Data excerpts
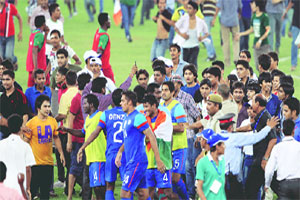 It would go on until the tenth penalty kick. India somehow kept their end up through all this. Robin Singh,Chettri,Denzil Franco,Mehtab Hossain and Clifford Miranda all converted. Cameroon kept up the pressure,like they had done all match.
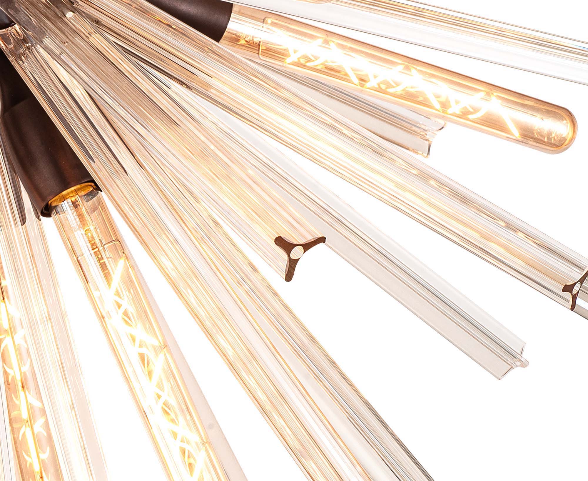 The Cleo collection presents an intriguing glass shape moulded into a three dimensional triquetra. The grooves along each sized glass create an appealing optical effect which is effortlessly enhanced with the use of tubular lamps.
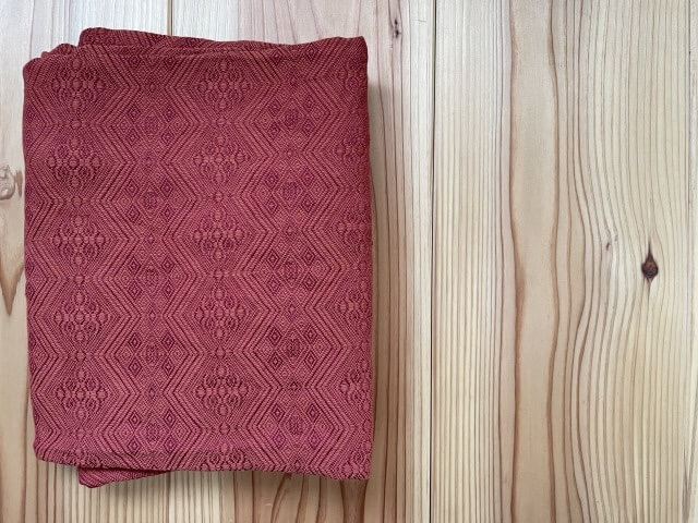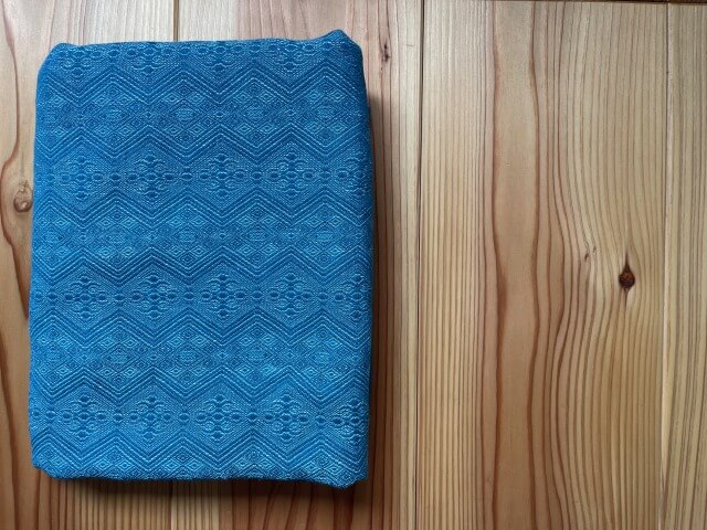 220g/㎡はそれなりの重量で、万人受けする布ではありません。私が主催しているベビーラップ講習会でも、この厚さの布の出番はあまりないだろうなと思ったので、ベビーラップではなくスリングを購入しました。スリングで220g/㎡なら、扱いは難しくありません。
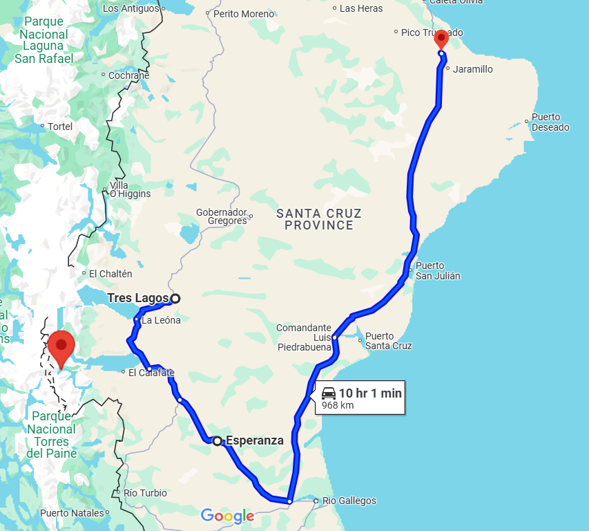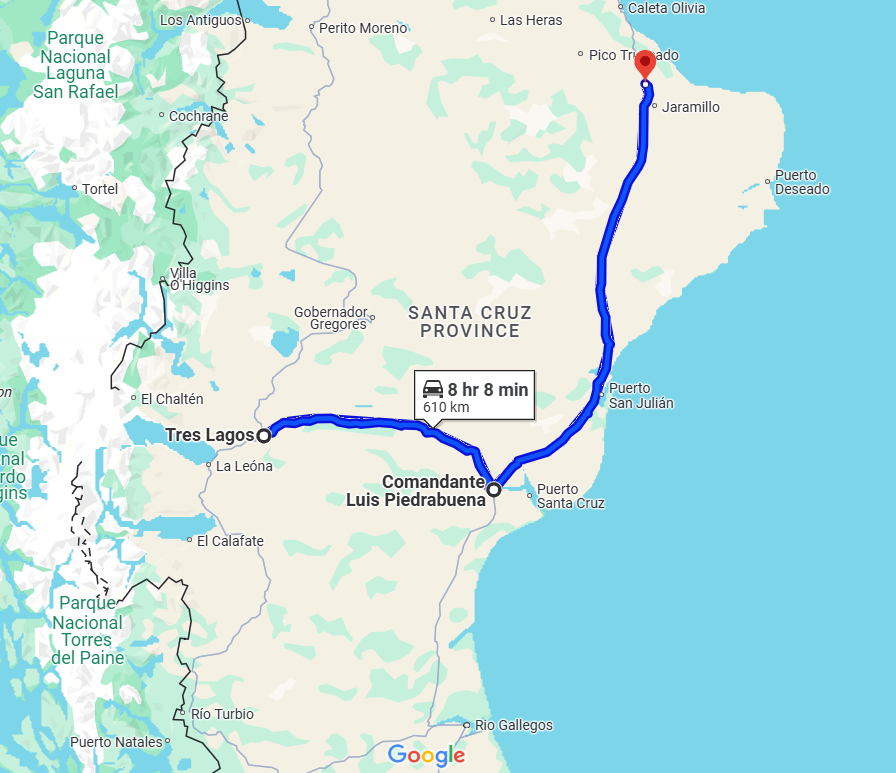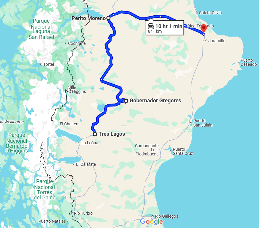 And this is where my story in Tres Lagos starts. I wanted to get from Chile back over to the east coast and up to Buenos Aires. There are really only 3 sealed road options that join Ruta 40 with Ruta 3. One, to the north, Ruta 43, and is the one that the older American guys on the big bikes took (in my blog a few weeks ago). Two, Ruta 27 and Ruta 288, is the one I took on my way down, from Gobernador Gregores to Comandante Luis Piedrabuena. Try saying that fast. And three, is Ruta 5 which joins the Ruta 3 near Rio Gallegos which is way back down near Tierra del Fuego. I’m explaining all this in detail because working these routes out is a big part of my trip. All the maps below have the same start and finish points.
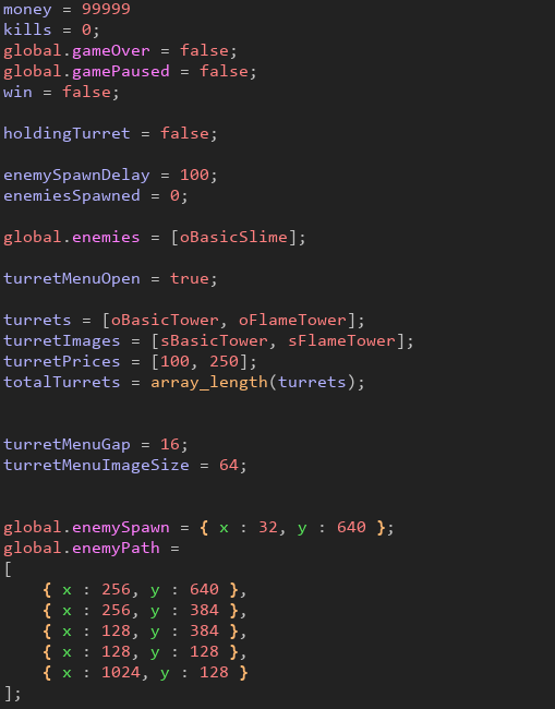 The create event sets up the local variables for the game, including money, kills, game over and game paused Booleans, if holding a tower, the enemy spawn delay, total enemies spawned, and finally the variables for the turret menu.

**EXERCISE**: Exact lines, nothing more: output the one with "And this is" and every later line through the end of the data, skipping pictures.

**RESPONSE AREA**:
 And this is where my story in Tres Lagos starts. I wanted to get from Chile back over to the east coast and up to Buenos Aires. There are really only 3 sealed road options that join Ruta 40 with Ruta 3. One, to the north, Ruta 43, and is the one that the older American guys on the big bikes took (in my blog a few weeks ago). Two, Ruta 27 and Ruta 288, is the one I took on my way down, from Gobernador Gregores to Comandante Luis Piedrabuena. Try saying that fast. And three, is Ruta 5 which joins the Ruta 3 near Rio Gallegos which is way back down near Tierra del Fuego. I’m explaining all this in detail because working these routes out is a big part of my trip. All the maps below have the same start and finish points.
 The create event sets up the local variables for the game, including money, kills, game over and game paused Booleans, if holding a tower, the enemy spawn delay, total enemies spawned, and finally the variables for the turret menu.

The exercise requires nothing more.